If the storm stalls, some areas could see feet of rain, especially if downpours focus over the higher terrain in western North Carolina and southwestern and central Virginia.

This region will be particularly susceptible to flooding because of far-above-normal rainfall in the region since May. In addition, because the ground is likely to be saturated, trees will be vulnerable in strong winds.

Parts of the Mid-Atlantic, especially from Virginia to Pennsylvania, have received 150 to 300 percent of their normal rainfall since May.

Residents farther north in coastal and inland areas in the Delmarva Peninsula, New Jersey, Pennsylvania and New York should also monitor the storm and prepare in case the forecast shifts to the north and east.

Where the storm makes landfall has implications for where the strongest winds and biggest rise in water at the coast occurs, but strong winds and extreme rainfall could occur at great distances from the landfall location. Keeping this in mind, here is the likelihood of landfall at different locations based on our evaluation of model data:

– 70 percent in the Carolinas;

– 10 percent between Virginia and New York;

– 10 percent offshore; and

– 10 percent between northern Florida and Georgia.

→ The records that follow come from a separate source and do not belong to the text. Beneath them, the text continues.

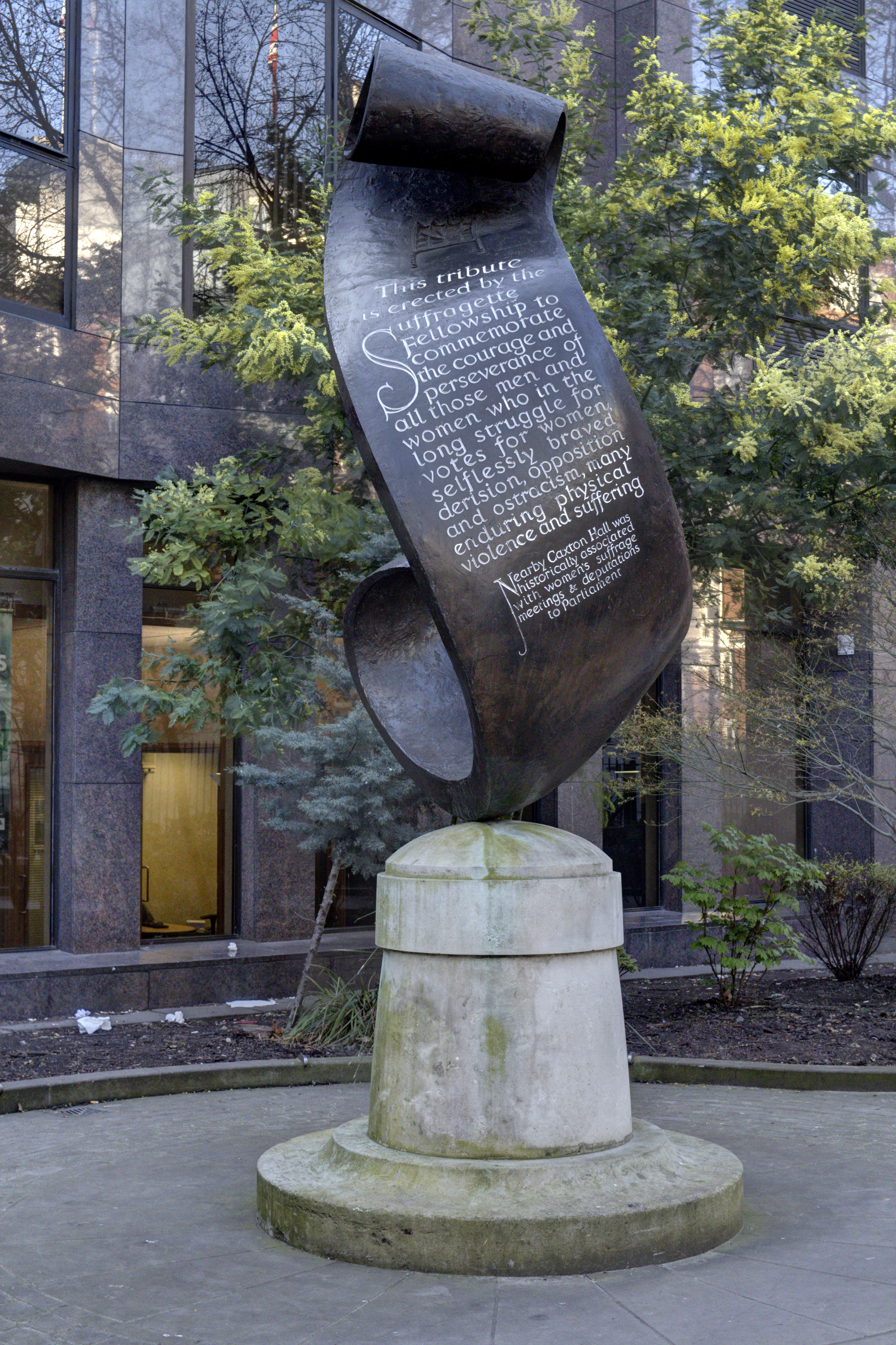 Suffragette Memorial, Christchurch Gardens, London
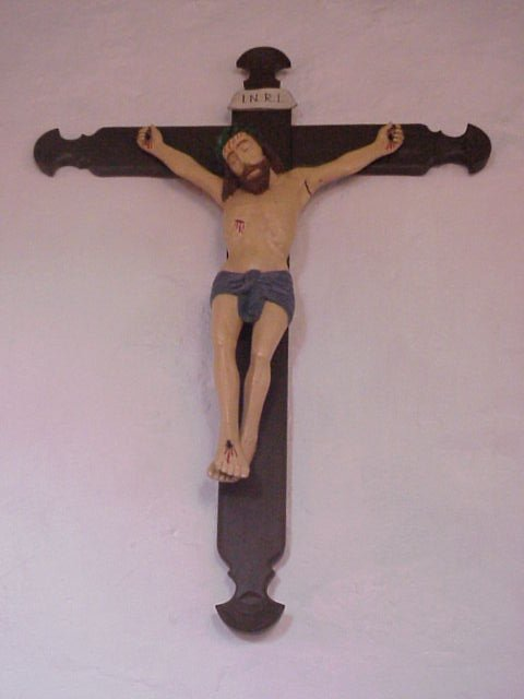 Crucifix in Faster Kirke. Figure of Christ is from the middleage and the cross is of newer date.
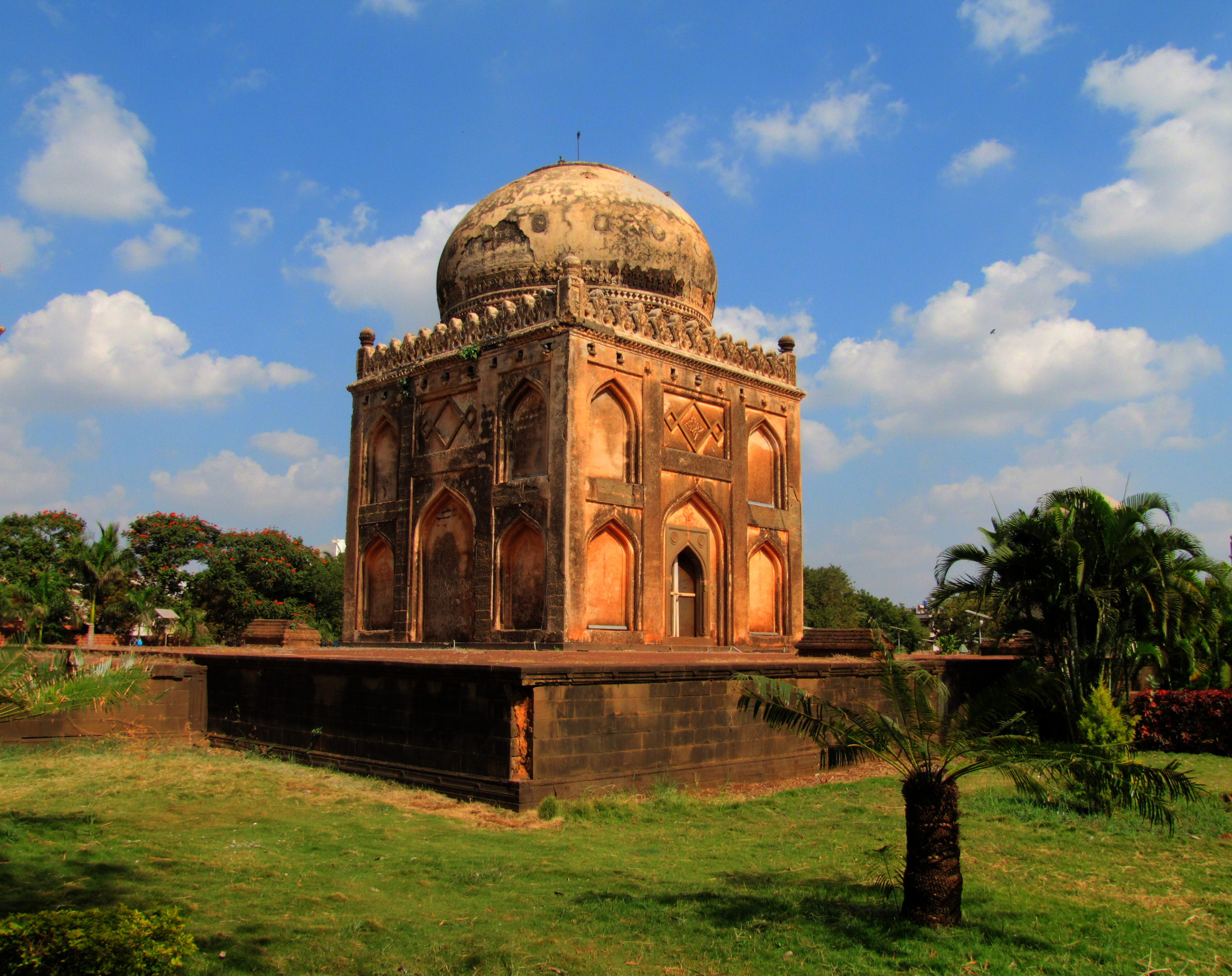 Tombs @ Barid Shahi Park, It is the park where the Baridi Sultans of the Bidar Sultanate have their final rest.
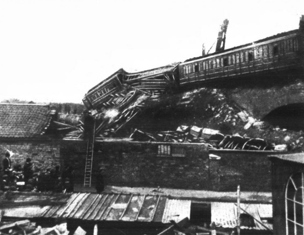 The wreck of the Scotch Express: Where part of the train went over the embankment.

Even in the unlikely event that the storm center remains just offshore, it will almost certainly come close enough to bring dangerous wind and flooding to coastal areas. Inland areas may be somewhat spared in this scenario.

If a major hurricane (Category 3 or higher) does make landfall along the Southeast coast, the rarity of such an event is relevant. Since 1851, only 10 major hurricanes have done so, and the most recent was Fran in 1996, 22 years ago. Hugo in 1989 was the one before that and was a Category 4 at landfall. No hurricane has made landfall as a Category 5 in this region on record.

Many people in the Southeast and Mid-Atlantic probably have not experienced a storm of the potential magnitude of Florence.